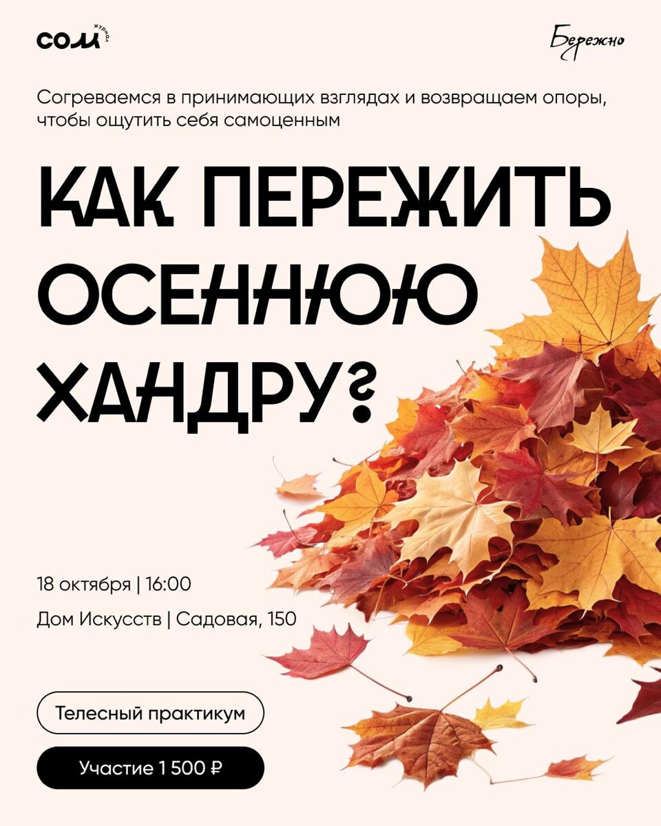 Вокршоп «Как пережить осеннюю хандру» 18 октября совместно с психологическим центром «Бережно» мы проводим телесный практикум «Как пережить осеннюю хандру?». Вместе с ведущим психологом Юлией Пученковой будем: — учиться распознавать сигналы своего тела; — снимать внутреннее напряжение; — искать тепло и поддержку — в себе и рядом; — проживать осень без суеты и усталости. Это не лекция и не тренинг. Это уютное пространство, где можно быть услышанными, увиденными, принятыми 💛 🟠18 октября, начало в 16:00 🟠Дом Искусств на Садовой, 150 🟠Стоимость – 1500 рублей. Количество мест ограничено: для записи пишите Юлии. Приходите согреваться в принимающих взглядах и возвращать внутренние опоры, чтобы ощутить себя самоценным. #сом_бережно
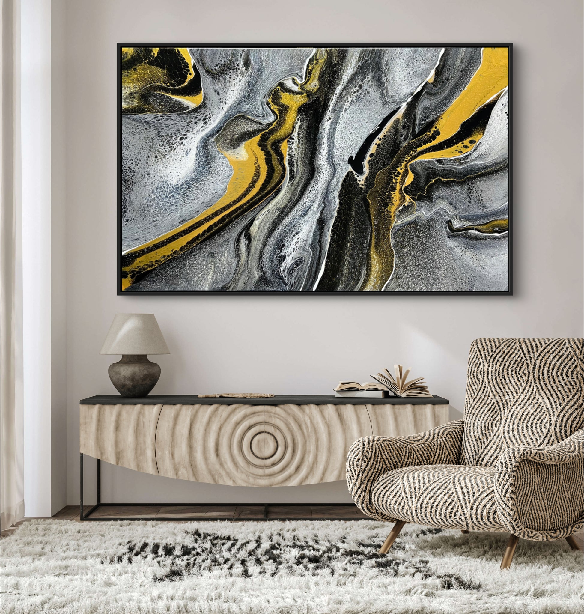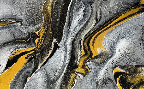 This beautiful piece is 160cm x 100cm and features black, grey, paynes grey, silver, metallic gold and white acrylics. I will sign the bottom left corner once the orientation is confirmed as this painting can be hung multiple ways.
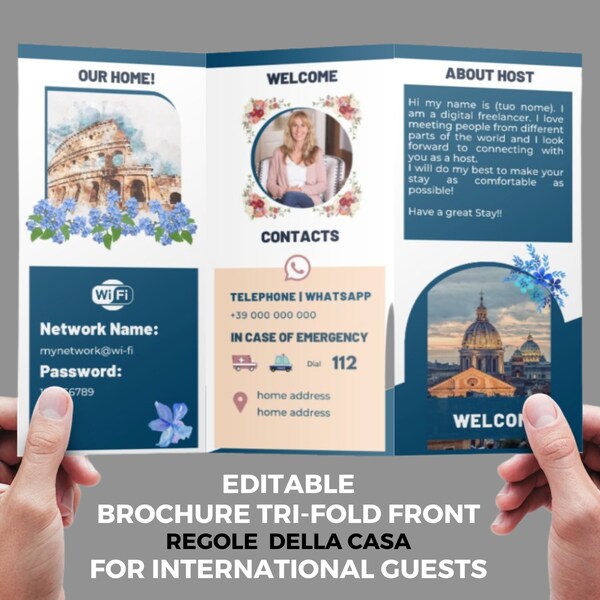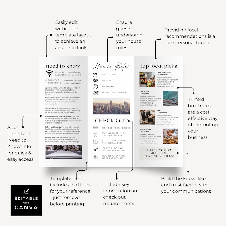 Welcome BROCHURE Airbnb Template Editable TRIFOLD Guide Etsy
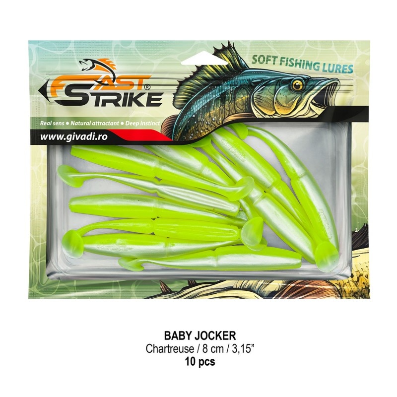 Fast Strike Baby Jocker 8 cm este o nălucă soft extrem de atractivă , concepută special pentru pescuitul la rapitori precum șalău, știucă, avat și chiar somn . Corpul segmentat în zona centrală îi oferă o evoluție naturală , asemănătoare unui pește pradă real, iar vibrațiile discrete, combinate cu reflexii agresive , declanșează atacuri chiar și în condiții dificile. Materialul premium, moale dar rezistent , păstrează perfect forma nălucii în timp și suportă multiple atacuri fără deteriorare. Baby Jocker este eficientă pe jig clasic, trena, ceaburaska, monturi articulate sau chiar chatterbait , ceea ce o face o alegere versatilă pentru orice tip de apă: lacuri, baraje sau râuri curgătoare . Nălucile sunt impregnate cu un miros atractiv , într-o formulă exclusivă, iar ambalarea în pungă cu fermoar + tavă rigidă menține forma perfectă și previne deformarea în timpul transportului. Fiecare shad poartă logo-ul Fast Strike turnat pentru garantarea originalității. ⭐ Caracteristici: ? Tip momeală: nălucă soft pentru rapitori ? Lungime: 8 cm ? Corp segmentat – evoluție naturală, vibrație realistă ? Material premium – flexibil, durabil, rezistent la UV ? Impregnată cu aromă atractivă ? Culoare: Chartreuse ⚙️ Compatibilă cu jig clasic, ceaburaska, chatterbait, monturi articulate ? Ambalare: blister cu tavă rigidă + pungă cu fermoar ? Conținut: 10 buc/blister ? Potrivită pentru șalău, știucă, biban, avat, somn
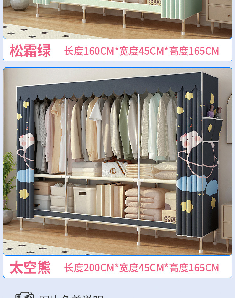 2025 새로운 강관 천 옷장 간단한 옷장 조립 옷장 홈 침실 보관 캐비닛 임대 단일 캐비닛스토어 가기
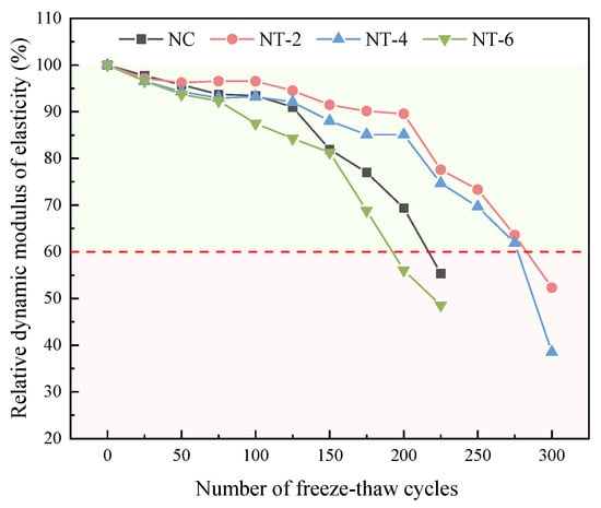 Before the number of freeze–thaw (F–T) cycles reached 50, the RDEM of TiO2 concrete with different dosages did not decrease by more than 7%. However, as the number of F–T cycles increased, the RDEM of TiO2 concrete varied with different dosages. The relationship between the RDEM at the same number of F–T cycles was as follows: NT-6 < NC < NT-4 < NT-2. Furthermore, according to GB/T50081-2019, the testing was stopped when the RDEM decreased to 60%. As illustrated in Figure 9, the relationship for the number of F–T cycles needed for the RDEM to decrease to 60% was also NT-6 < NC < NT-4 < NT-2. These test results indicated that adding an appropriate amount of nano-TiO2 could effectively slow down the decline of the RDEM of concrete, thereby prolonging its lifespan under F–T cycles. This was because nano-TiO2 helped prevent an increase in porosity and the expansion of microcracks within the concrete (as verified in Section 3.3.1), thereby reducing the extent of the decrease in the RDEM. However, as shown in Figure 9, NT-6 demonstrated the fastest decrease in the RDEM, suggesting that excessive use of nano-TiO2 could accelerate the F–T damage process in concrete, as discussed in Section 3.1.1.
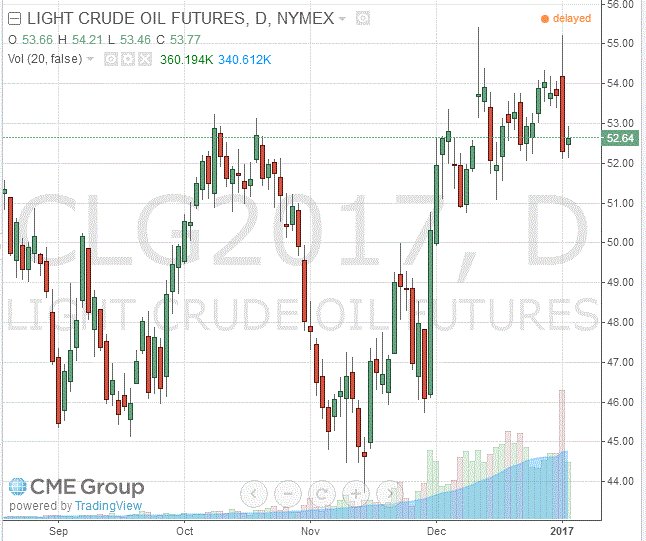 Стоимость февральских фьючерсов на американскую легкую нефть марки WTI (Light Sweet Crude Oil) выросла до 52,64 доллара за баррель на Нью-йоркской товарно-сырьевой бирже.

---

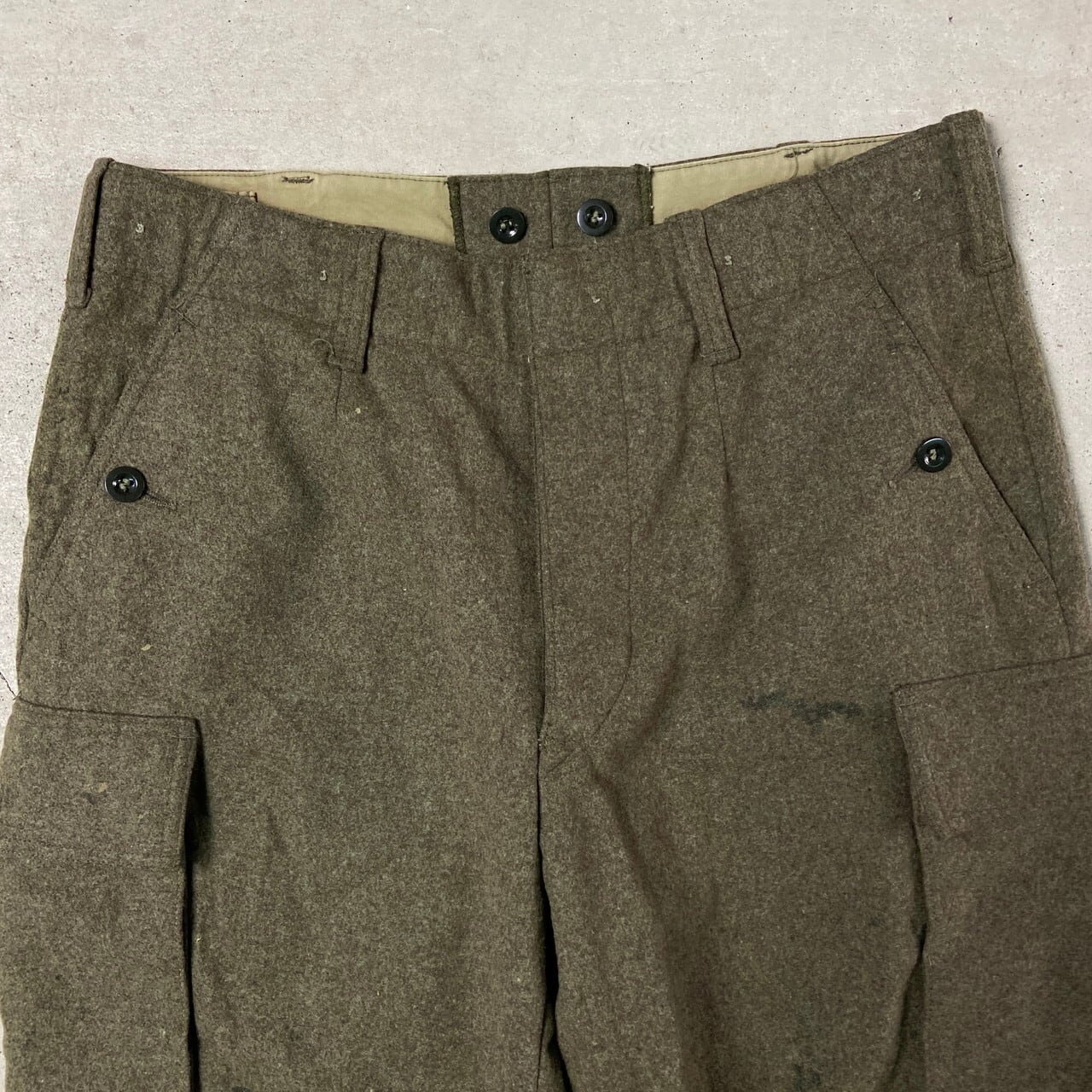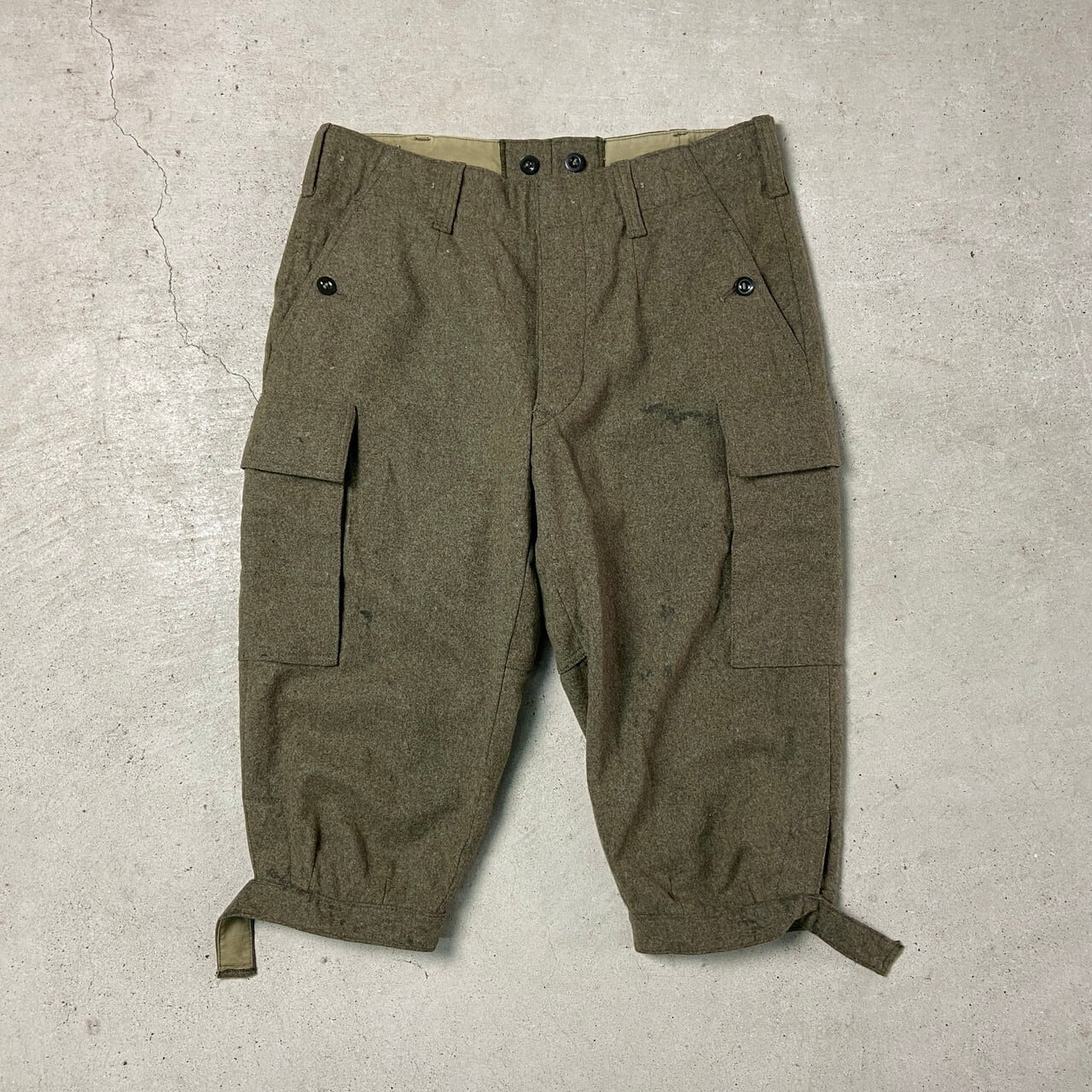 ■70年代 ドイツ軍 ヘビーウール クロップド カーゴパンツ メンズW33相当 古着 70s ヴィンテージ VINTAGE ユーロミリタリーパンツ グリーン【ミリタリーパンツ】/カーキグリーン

Task details: Although pictures appear among the entries, please set down only the lines from the one with "Welcome BROCHURE Airbnb" up to and including the one with "2025 새로운 강관", word for word.

Result:
 Welcome BROCHURE Airbnb Template Editable TRIFOLD Guide Etsy
 Fast Strike Baby Jocker 8 cm este o nălucă soft extrem de atractivă , concepută special pentru pescuitul la rapitori precum șalău, știucă, avat și chiar somn . Corpul segmentat în zona centrală îi oferă o evoluție naturală , asemănătoare unui pește pradă real, iar vibrațiile discrete, combinate cu reflexii agresive , declanșează atacuri chiar și în condiții dificile. Materialul premium, moale dar rezistent , păstrează perfect forma nălucii în timp și suportă multiple atacuri fără deteriorare. Baby Jocker este eficientă pe jig clasic, trena, ceaburaska, monturi articulate sau chiar chatterbait , ceea ce o face o alegere versatilă pentru orice tip de apă: lacuri, baraje sau râuri curgătoare . Nălucile sunt impregnate cu un miros atractiv , într-o formulă exclusivă, iar ambalarea în pungă cu fermoar + tavă rigidă menține forma perfectă și previne deformarea în timpul transportului. Fiecare shad poartă logo-ul Fast Strike turnat pentru garantarea originalității. ⭐ Caracteristici: ? Tip momeală: nălucă soft pentru rapitori ? Lungime: 8 cm ? Corp segmentat – evoluție naturală, vibrație realistă ? Material premium – flexibil, durabil, rezistent la UV ? Impregnată cu aromă atractivă ? Culoare: Chartreuse ⚙️ Compatibilă cu jig clasic, ceaburaska, chatterbait, monturi articulate ? Ambalare: blister cu tavă rigidă + pungă cu fermoar ? Conținut: 10 buc/blister ? Potrivită pentru șalău, știucă, biban, avat, somn
 2025 새로운 강관 천 옷장 간단한 옷장 조립 옷장 홈 침실 보관 캐비닛 임대 단일 캐비닛스토어 가기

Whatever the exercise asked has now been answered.